2. The method according to claim 1, characterized in that, In the script generation step, the construction criteria for short sentence structures include: each short sentence carries only a single action, scene description, or character dialogue information, and the length of the short sentence is no more than 50 characters.

3. The method according to claim 1, characterized in that, The role decomposition step, specifically the parsing process of the large language model, includes: The video script is preprocessed by segmenting it into sentences and segments, removing redundant information and invalid characters, and generating standardized text corpus. Semantic analysis of standardized text corpus is performed using a pre-trained role recognition model to identify role names, role identity attributes, and relationships between roles. Based on the frequency of a character's appearance, the importance of the scene, and the relevance to the plot, we distinguish between main characters and supporting characters, count the number of core main characters and the number of supporting characters in different scenes, and mark the distribution and appearance duration of each character in different scenes.

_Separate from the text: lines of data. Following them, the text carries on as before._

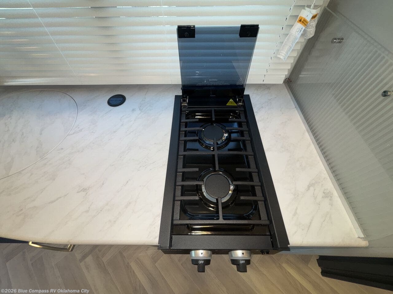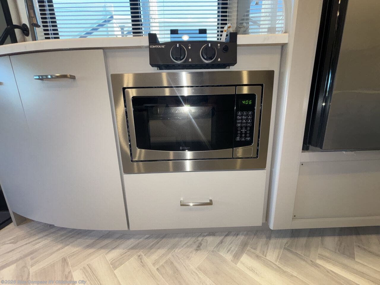 You can turn dreary days into exciting adventures simply by adding this Tiburon Sprinter Class C diesel motorhome to the mix! There is lots of convenience in the kitchen. You'll find a refrigerator, pressed laminate countertops with an under-mounted sink that has a sink cover, a two-burner gas cooktop with a glass cover, a convection microwave with an air fryer, and a large stainless steel single-bowl sink and faucet with pull-down sprayer. The bathroom is also accommodating, and it features a skylight above the 24" x 32" shower, a foot-flush toilet, and a curved anti-microbial shower curtain. A large closet sits in between the flip-up RV queen bed and the 76" Dream Dinette with footrests.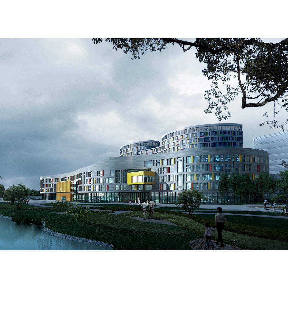 The last of five hospitals for New Century Hospital, this dual-focus private facility in Foshan, China, addresses the need for an integrated 30-day birthing process and post-birth care. It features separate sections for birthing and pediatric care, with a tower design reflecting this duality. The hospital includes 250 birthing beds, 110 children's beds, a NICU, an operating suite, clinics, radiology, and spacious lounge areas Additionally, the birthing tower offers a club level with a restaurant, training kitchen, fitness center, learning center, and counseling suite.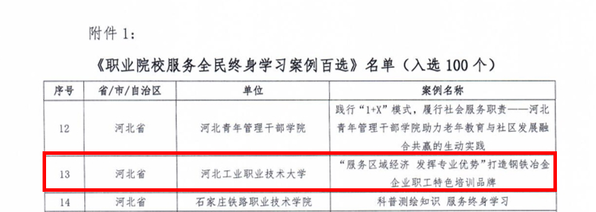 近日,中国成人教育协会公布了《职业院校服务全民终身学习案例百选》案例名单,球速·体育申报的《“服务区域经济发挥专业优势”打造钢铁冶金企业职工特色培训品牌》案例成功入选。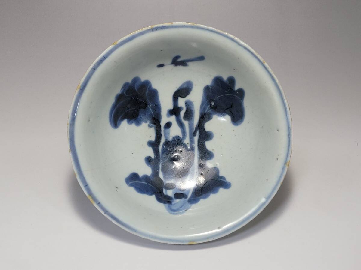 > ● 幅 約 15cm 碗の内部に描かれた草紋がきれいな 時代唐物 染付 草紋 碗・元明時代 茶碗 煎茶道具 茶道具 茶器 唐物 人間国宝 李朝 ●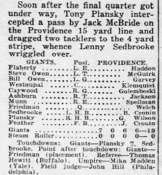 - ^ C.A. Lovett, "Giants Upset Providence: 22,000 Watch Steam Roller Stopped, 19–0," New York Daily News, Oct. 28, 1929, pp. 32–35.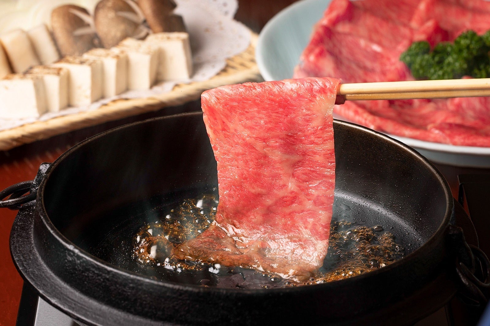 昭和28年の創業以来、⾷の醍醐味を追求し、最⾼の⽜⾁を提供し続ける、すきやきの名店「岡半」。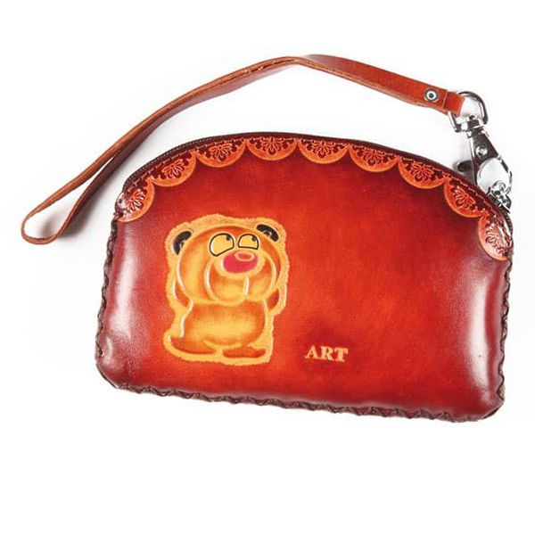 Портмоне, ръчна изработка, естествена кожа, с правоъгълна форма с щампа мече, с цип.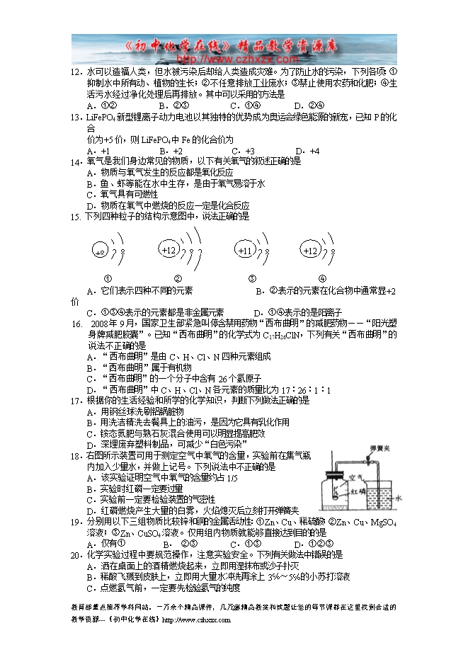 - 下一份试卷:2009年连云港市初中毕业生学业考试化学试题及答案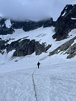 Føringstur for Gunnar over Semelholstindtraversen. Litt kronglete oppstigning mot Nørdre i nedre del. Kanskje bedre å holde lenger mot øst og runde det bratteste? Morsom travers med flere eksponerte punkter. Litt køddent å finne egnet standplass etter siste taulengde før toppen, men måtte forlenge fra sikringer over kanten mot sør. Sikksakket oss en del på breen ned igjen for å holde oss på snø og slippe stegjern på is.

4. The method according to claim 3, characterized in that, The redundant information includes spaces, punctuation errors, and repeated sentences. Invalid characters include non-script-related garbled text and special symbols.

5. The method according to claim 3, characterized in that, The pre-trained role recognition model is a large language model based on the Transformer architecture. It is fine-tuned and trained using a massive script corpus and has the ability to recognize role entities, classify identities, and perform distribution statistics.

6. The method according to claim 3, characterized in that, The main characters and supporting characters are distinguished by preset thresholds for the number of appearances and the participation in the core plot. Characters whose appearance frequency is greater than or equal to the preset threshold and whose participation in the core plot scenes accounts for more than or equal to the core plot participation threshold are judged as the main characters, and the rest are classified as supporting characters.

7. The method according to claim 3, characterized in that, The scene switching identifier includes scene spatial information and time information, and the role association identifier includes role name and identity association information between roles.

8. An AI video script generation and automatic character decomposition system, characterized in that, include: Script generation module: used to construct AI-recognizable video scripts using short sentence structures, and output video scripts that use short sentences as basic conversion units. These video scripts are used to support subsequent AI model processing. Character Analysis Module: Based on a large language model, it automatically parses video scripts to extract character information, including character name, identity attributes, relationships, frequency of appearance, and distribution; it also distinguishes between main characters and supporting characters and counts the number of characters. Output module: Used to output the generated AI-recognizable video script and decomposed character information in a standardized format for use in subsequent video production processes; The storage module is used to store the generated video scripts, decomposed character information, historical processing data, and model parameters.

9. The system according to claim 8, characterized in that, The role parsing module also includes an optimization unit, which is used to perform deduplication and error correction on the identified role information; The error correction includes correcting different roles with the same name, missing roles, and misjudging relationships.

10. The system according to claim 8, characterized in that, The script generation module allows users to manually modify and optimize the generated AI-recognizable video scripts; the output module outputs the AI-recognizable video scripts in XML and TXT formats, and outputs the character information in the form of tables and visual charts.